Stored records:
*** Block opens ***
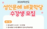 군산시 클릭뉴스2026. 02.23[클릭뉴스]전라남도교육청나주도서관(관장 김의곤)은 오는 3월 24일부터 성인 학습자의 기초 문해 역량을 강화해 삶의 질을 높이고 지역사회 참여를 확대하기 위해 성인문해 배꽃학당을 운영한다. 수강 신청은 3월 4일부터 시작되며, 교육 희망자는 전라남도교육청나주도서관 홈페이지를 통해 신청할 수 있다 성인문해 교육과정은 △초급반(초1~2학년)과 △고급반(초5~6학년)의 2개 과정으로 나누어 운영되며, 학습자의 기초 역량과 이해도를 고려한 맞춤형 수업을 통해 기초 문해력부터 심화 학습까지 균형 있게 지원할 방침이다. 아울러, 체험…
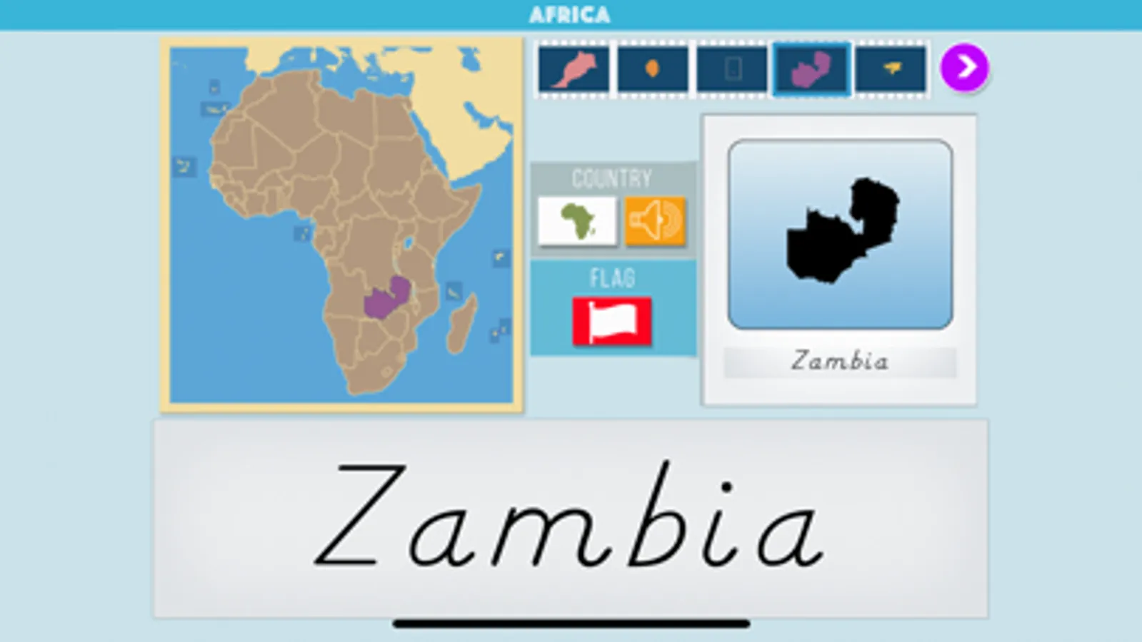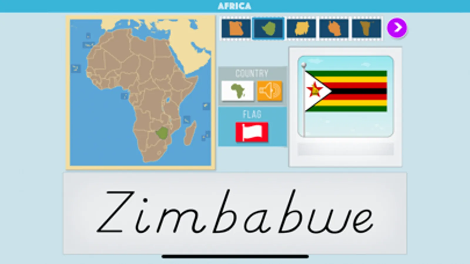 Touch a country in the filmstrip to change the featured country on the page. Touch the speaker button to hear the correct pronunciation of the country name and touch the compass button to see the country highlighted on the map. Now this app includes the Flags of Africa, as well! The map itself follows the same color scheme used for the physical materials in the Montessori classroom.
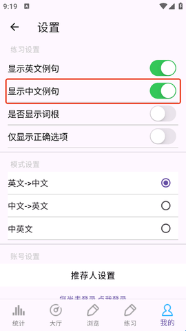 3、大家在设置页将显示中文例句后面的这个开关开启就行了。
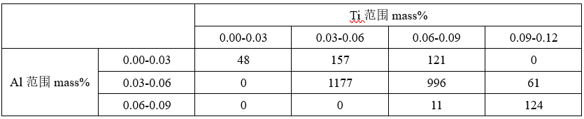 用于統(tǒng)計分析的樣本數(shù)見表7。很明顯,大部分爐次顯示Ti含量在0.06 ~ 0.09之間,對于其它鈦含量范圍的樣品數(shù)量很低,這在一定程度上與VASL鋼廠的爐次相反,后者的含鈦量較低的爐次較多。
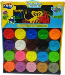 Odkryj kreatywny świat z tym dużym zestawem masy plastycznej MODELO – idealnym dla dzieci, które lubią tworzyć, ugniatać i modelować. W opakowaniu znajdziesz 20 kubeczków kolorowej masy oraz bogate akcesoria (dłutka, foremki, wyciskarki), które wspierają małą motorykę, kreatywność i wyobraźnię.
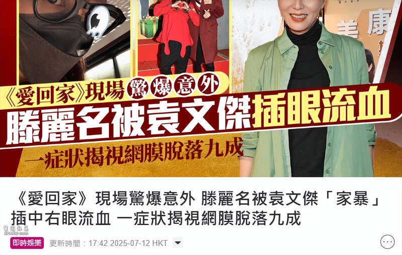滕丽名后来受访才曝光插到自己的人是演员袁文杰,当时正在拍摄《爱回家》见了红,是意外来的,一开始以为没事,右眼不久后变得模糊,在老公陪同下求医后,才发现视网膜因为受伤变大。
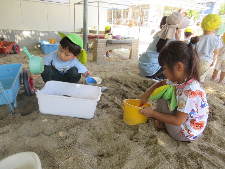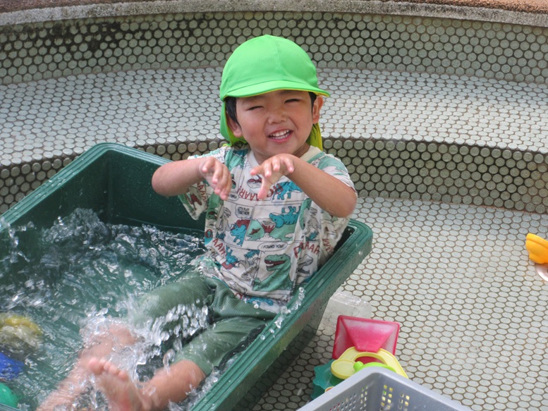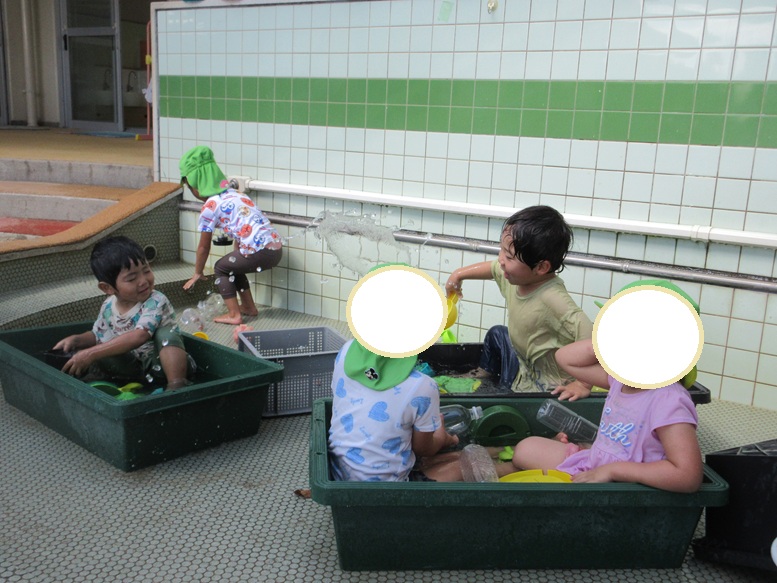 今日は少しぽかぽかしていて暑かったからか、砂場で泥遊びがスタート!!物足りなくなってきてちょう組前の足洗い場へ移動し水遊びへと変わっていきました。風があったのでひんやりするかなと思い、水ではなくお湯をためるとお風呂気分を感じるこどもたちです♪プールを経て水に慣れた子が多く、掛け合いをギャーギャー大騒ぎしながら楽しいんで居ましたよ。
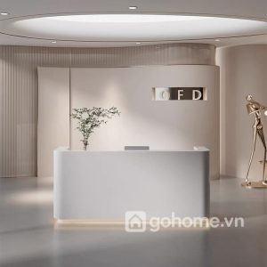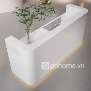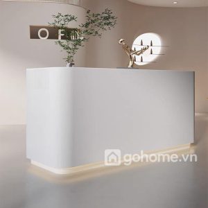 Không cần chi tiết rườm rà, mẫu quầy lễ tân nhỏ gọn chinh phục người nhìn bằng thiết kế đường cong chữ U bo tròn ở hai đầu, kết hợp cùng tone trắng acrylic sáng bóng và hệ thống đèn LED âm tường dưới chân quầy. Cả tổng thể tạo nên cảm giác “lướt nhẹ” – sang trọng mà không hề nặng nề.
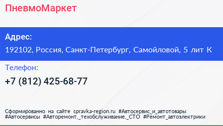 ПневмоМаркет по адресу 192102, Россия, Санкт-Петербург, Самойловой, 5 лит К в дальнейшем Организация, размещена в следующих категориях:
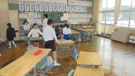 大海っ子はそうじがとっても上手です。前にもお知らせしましたが、そうじの時間話し声が聞こえず、学校に誰もいなくなった感じすらします。1年生から6年生が協力してそうじをしています。広い場所を分担して・・・中には1人で特別教室一部屋を掃除している子もいます。自分たちが勉強する学校、おかげで気持ちよく過ごすことができます。コンピュータ室を一人で担当035.JPG  長い廊下は僕の担当036.JPG
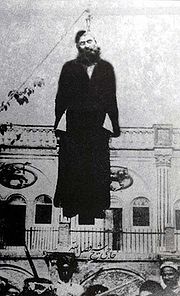 - چند نفر علمای گرگ سیرت محض خاطر چند نفر مغرضین که حکم تبعید آنها شده بود نگذاشتند تبعید شوند علاوه در خانه رئیسالعلما جمع شده با اشرار و سرباز در پشت بام رفته حکم بجهاد نموده قریب یک ساعت سینه ما بیچارگان را هدف گلوله ساخته چهار نفر مقتول و چند نفر مجروح[۲۱]
*** Block closes ***
- [Task objective] From the line holding "ПневмоМаркет по адресу" down to the final line of the entries above, print every line exactly. Pictures do not go in.

- [Task output]
 ПневмоМаркет по адресу 192102, Россия, Санкт-Петербург, Самойловой, 5 лит К в дальнейшем Организация, размещена в следующих категориях:
 大海っ子はそうじがとっても上手です。前にもお知らせしましたが、そうじの時間話し声が聞こえず、学校に誰もいなくなった感じすらします。1年生から6年生が協力してそうじをしています。広い場所を分担して・・・中には1人で特別教室一部屋を掃除している子もいます。自分たちが勉強する学校、おかげで気持ちよく過ごすことができます。コンピュータ室を一人で担当035.JPG  長い廊下は僕の担当036.JPG
 - چند نفر علمای گرگ سیرت محض خاطر چند نفر مغرضین که حکم تبعید آنها شده بود نگذاشتند تبعید شوند علاوه در خانه رئیسالعلما جمع شده با اشرار و سرباز در پشت بام رفته حکم بجهاد نموده قریب یک ساعت سینه ما بیچارگان را هدف گلوله ساخته چهار نفر مقتول و چند نفر مجروح[۲۱]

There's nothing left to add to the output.